About this exercise — Repeat the records below exactly from the line containing "一座正在發(fā)掘的墓葬。" to the line containing "2023- yil yanvar-may", taking in both of those lines. Drop the pictures.

Data for the task —
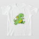 Cartoon green dragon walking on his back feet. With a smile on his face happy go lucky.. Let this entertaining humourous kids design do the talking for you.
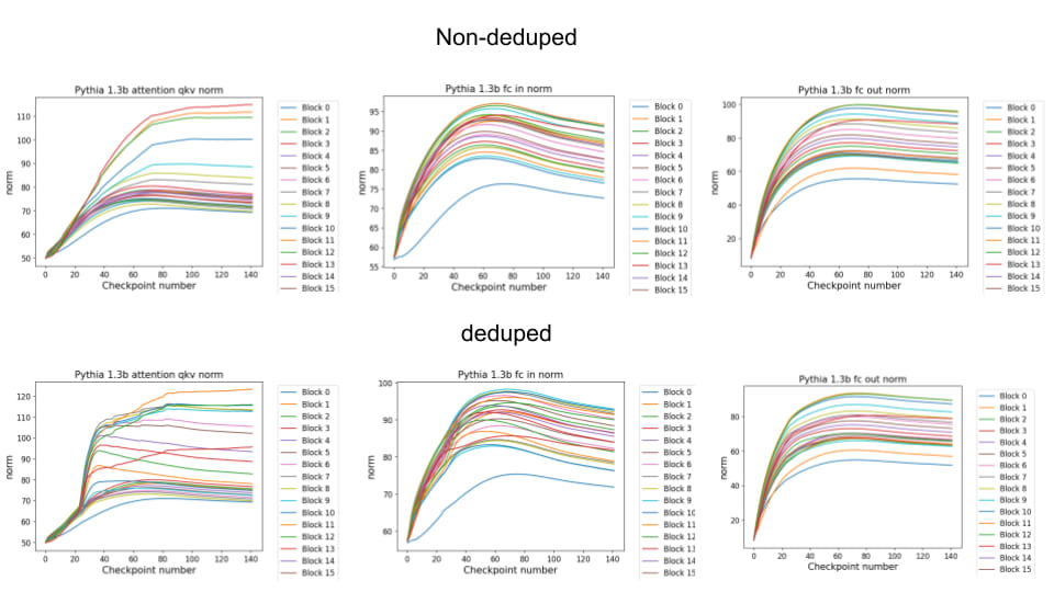 We observe a similar pattern if we do direct comparisons of the weight norms of the 1.3b model for the attention qkv and the MLP in and out matrices for both deduped and non-deduped models. Here again, we observe qualitatively extremely similar patterns between models especially in the MLPs where often even the timing and scale of the evolution of different blocks is extremely similar. We observe slightly more heterogeneity in the attention QKV weights where the deduped model appears to have a much sharper phase shift at checkpoint 20 than the non-deduped model, for reasons that are unclear.
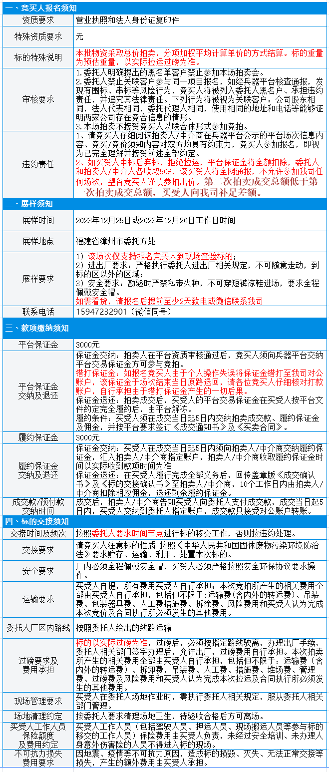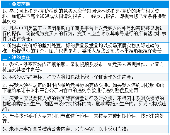 有意竞买者需开通中国兵器工业集团采购电子商务平台帐号进行报名及缴纳线上保证金。所竞价标的:废钢、废不锈钢(含杂),起拍单价23490元/批(有保留价),预估数量1批。
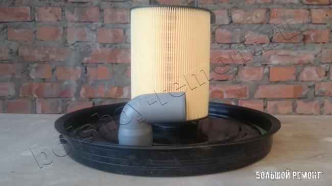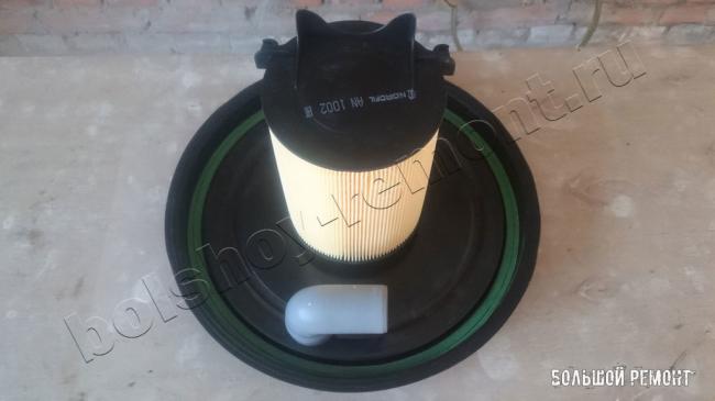 Фильтр должен плотно прилегать к крышке, иначе грязный воздух будет попадать в выходной патрубок.
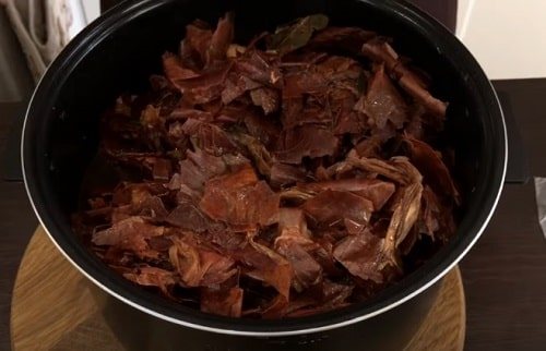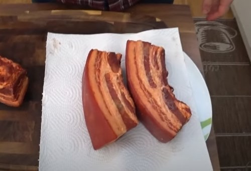 - После сигнала мультиварки достаньте грудинку, просушите.
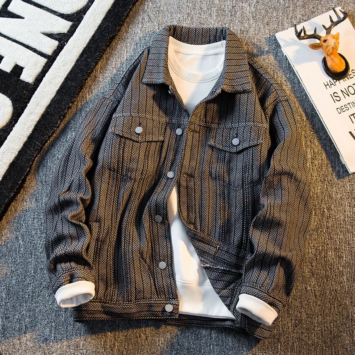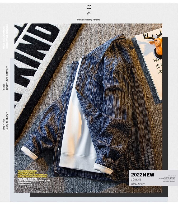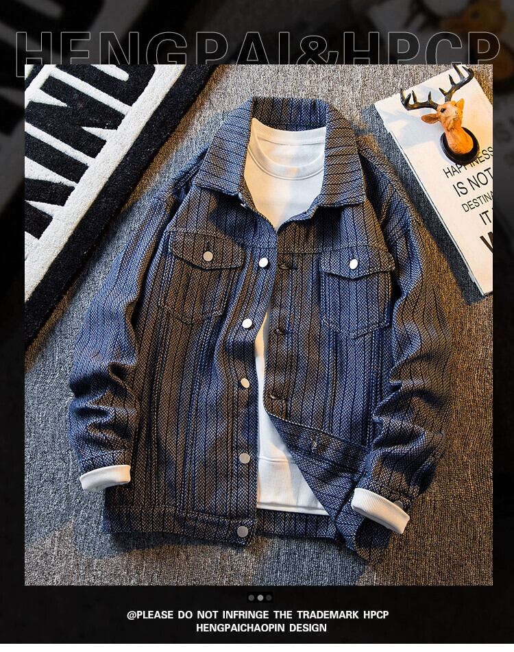 HPCP ese ストライプ デニム ジャケット メンズ 春秋 トレンド ブランド ハンサム トレンド 万能 メンズ カジュアル ジャケット デニムジャケット スプリング 春物 オータム 秋物 338198228654071
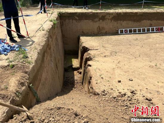一座正在發(fā)掘的墓葬。
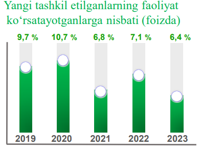 2023- yil yanvar-may oylarida yangi tashkil etilgan korxona va tashkilotlar soni 1 994 tani tashkil etdi. Yangi tashkil etilgan korxona va tashkilotlar sonining tashkiliy-huquqiy shakli bo‘yicha, mas’uliyati cheklangan jamiyatlar 1 726 ta, oilaviy korxonalar 131 ta, xususiy korxonalar 39 tani tashkil etgan.
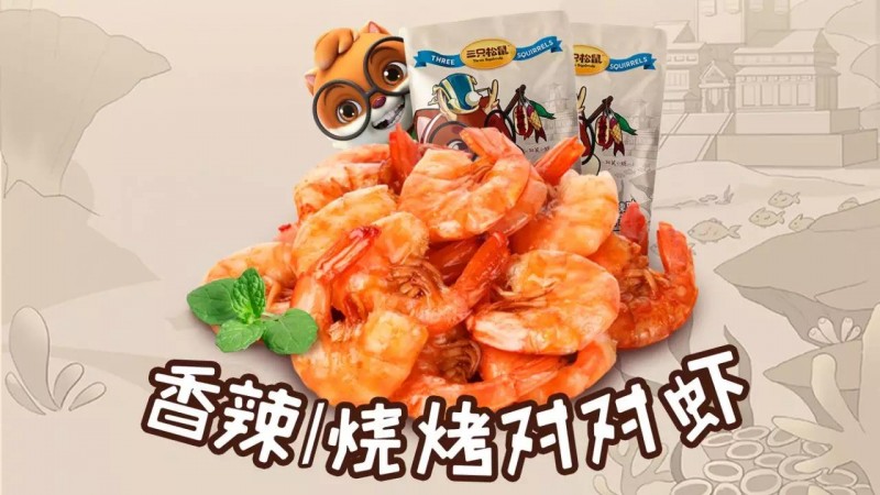 松鼠对对虾选择的是南美白对虾,经历十五道工艺,涉及2次加热2次冷冻2次调味2次消毒杀菌,让消费者感受到美味和放心。
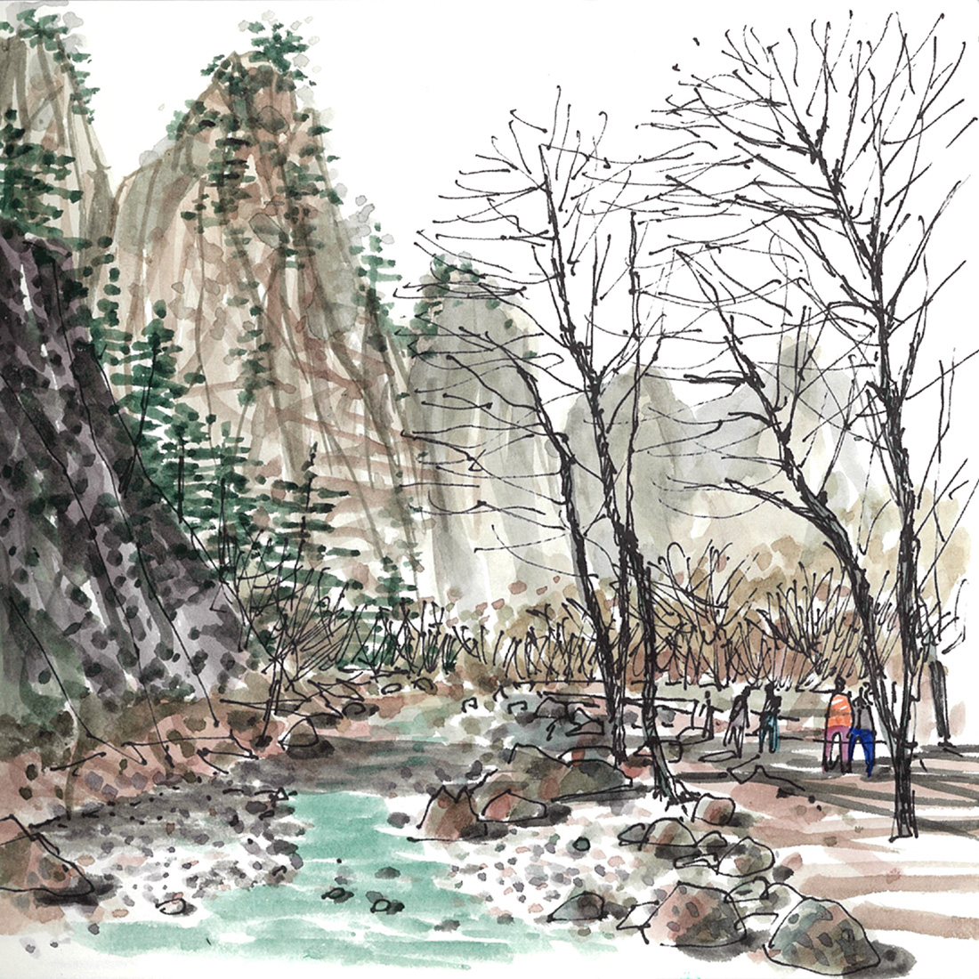 내리막이라 힘들지 않게 걷는 산책로에는 드문드문 목제 출렁다리도 있어 다리 중간쯤에 서서 동양화 한 폭을 배경으로 기념사진도 찍어본다. 기암절벽의 중첩된 바위는 장엄한 크기를 자랑하고 중간 중간에는 소나무가 박혀있어 신선의 세계를 상상하게 한다. 겨울나무들은 제각기 옷을 벗고 침묵 속에서 동안거(冬安居) 수행에 정진하고 있다. 사방은 조용한데 얼음장 밑으로 계곡물 흐르는 소리는 시공간을 초월하는 듯하다.
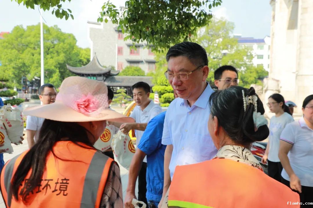 “大家辛苦了!感谢大家不畏酷暑、坚守岗位,天气很热,大家一定要注意防暑降温,劳逸结合,务必把自身的健康和安全放在首位。”在牌坊广场,刘浪看望慰问了高温作业的交警、旅警、环卫工人、城管执法人员等劳动者代表,与大家亲切握手,并递上防暑降温物资。刘浪高度赞扬了他们不惧“烤”验、无私奉献的精神,勉励大家继续保持敢打硬仗、能打胜仗的优良作风,以最佳的身体和精神状态投入到工作中去,为南岳高质量发展贡献力量。
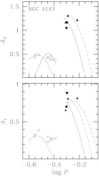 NGC 4147 has been considered as an Oo I type cluster in spite of its low metallicity and of the rather large fraction of RRc stars, Nc /(Nc + Nab) = 0.67, typical of Oo II clusters. The reason for this is the low average period of its RRab stars, = 0.524 ± 0.048 d, which unfortunately is based only on its five known RRab stars. The period-amplitude plane, or Bailey diagram, for NGC 4147 is shown in Figure 8 in the VI-bands. The details are given in the caption. Given the low number of RRab stars and their strong amplitude modulations, it is not possible to decide from their distribution whether they are confined preferentially towards the Oo I locus defined from the M3 globular cluster (Cacciari et al. 2005). The distribution of RRc stars is more suggestive and displays a dual distribution about the loci for Oo I (red parabola) and Oo II (black parabola). This reminds us of the distribution for NGC 6402 (Contreras Peña et al. 2018; their Figures 9 and 10) for which arguments in favour of being an Oo-Int cluster were offered.
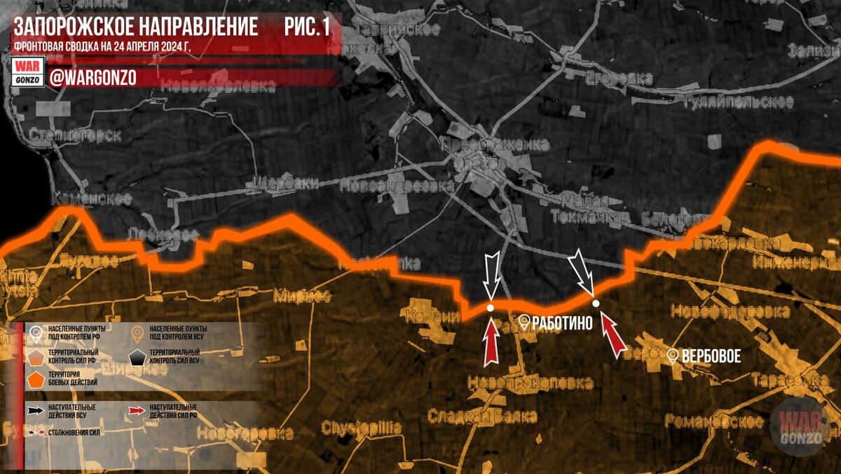 Запорожский фронт. ЛБС без существенных изменений. Активность боевых действий в последние несколько дней значительно снизилась, но назвать направление даже относительно «тихим» все равно нельзя. (Рис. 1) Донецкий фронт. Продолжаются бои на подступах к Парасковиевке. В Красногоровке в результате штурмовых действий, ВС РФ продвинулись в городской черте с юго-восточной стороны. В районе Нетайлово российские войска давят на оборону ВСУ, атакуя украинские позиции. Пока без значительных продвижений. Идут тяжёлые бои. Аналогичная ситуация в районе Уманского, где ВСУ продолжают сдерживать атаки ВС РФ. В районе Семеновки и Бердычей есть тактически успехи ВС РФ, но продвижения в этих населённых пунктах даются российским войскам очень непросто. На данный момент боевые действия разворачиваются на подступах к этим сёлам. Севернее Бердычей есть значительные продвижения в Новобахмутовке. Также инициатива остаётся за ВС РФ и в Очеретино, где ВСУ продолжают отходить все дальше, оставляя свои позиции

Solution for this problem —
一座正在發(fā)掘的墓葬。
 2023- yil yanvar-may oylarida yangi tashkil etilgan korxona va tashkilotlar soni 1 994 tani tashkil etdi. Yangi tashkil etilgan korxona va tashkilotlar sonining tashkiliy-huquqiy shakli bo‘yicha, mas’uliyati cheklangan jamiyatlar 1 726 ta, oilaviy korxonalar 131 ta, xususiy korxonalar 39 tani tashkil etgan.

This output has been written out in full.